A group of New York Times journalists — members of the NewsGuild of New York — conducted a statistical analysis of The Times’s performance review system, and found that their news organization had for years given significantly lower ratings to employees of color.
The report, which spurred changes in the practices of one of the country’s largest newsrooms, relied on data journalism techniques to further the goals of diversity and fairness, in service not only of journalists but also of readers.
The goals of this project were similar to those envisioned regularly by journalists — revealing systemic inequalities and inspiring change to correct them. But this time, the journalists were turning a lens on an unusual center of power: their own newsroom.
The project had almost immediate effects: Despite having previously denied and downplayed the racial disparities in the company’s performance review process, The Times’s leaders soon formed an internal team of top editors to tackle the problem.
As a result of that review, the company this year is providing additional training for managers and a more rigorous review of managers’ proposed ratings for their employees. Journalists in the NewsGuild will conduct follow-up analyses to see whether these procedural changes lead to improvements, and will continue to press the company to provide a fair work environment. The goal is to ensure journalists from diverse backgrounds are fully welcome and supported at The TImes, so that the newsroom can better report on New York City and the country as a whole.

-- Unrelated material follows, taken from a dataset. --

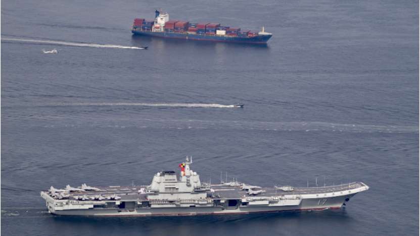 7月3日,由中国解放军海军航空母舰山东舰,导弹驱逐舰延安舰、湛江舰及导弹护卫舰运城舰组成的航母编队抵达香港,开启为期5天的访问活动。图为山东舰在香港海域行驶。(图片来源:本文图片均据中新社)

Since the project was published, it has been discussed in dozens of other newsrooms across the country. We understand that several are now working on their own analyses.
We used a wide range of statistical modeling techniques, including:
* linear regression
* ordered logistic regression (our main model)
* Poisson regression
* Hierarchical mixed-effects models
* Kruskal-Wallis and Cochran-Mantel-Haenszel tests
We also replicated the methodology the company’s consultant had used in claiming that its system did not show evidence of disparities — and ran simulations using dummy data to test it. We also made several static data visualizations to help communicate our findings to readers.
All of this was done in the statistical programming language R. We shared outputs from our analysis with a range of experts, including leading econometricians who study racial discrimination.
Context about the project:
Obviously, a group of journalists and other employees coming together to write a report that criticizes theit own employer is uncomfortable. The protections labor law gives us, as union members, to speak freely about the terms of our employment were critical in our ability to both do this project and to publish it publicly.
We also relied on data that the company is required, under our contract, to provide to the union. Performance review data is quite sensitive, and workers would not normally have access to this kind of information absent a negotiated union contract requiring the company to provide it.
What can other journalists learn from this project?
It can be useful to train the kind of investigative and analytical lens we often apply to companies and organizations on our own newsrooms. These newsrooms can be as powerful and as important to society as any corporation or local government entity, and it is important that they be held accountable.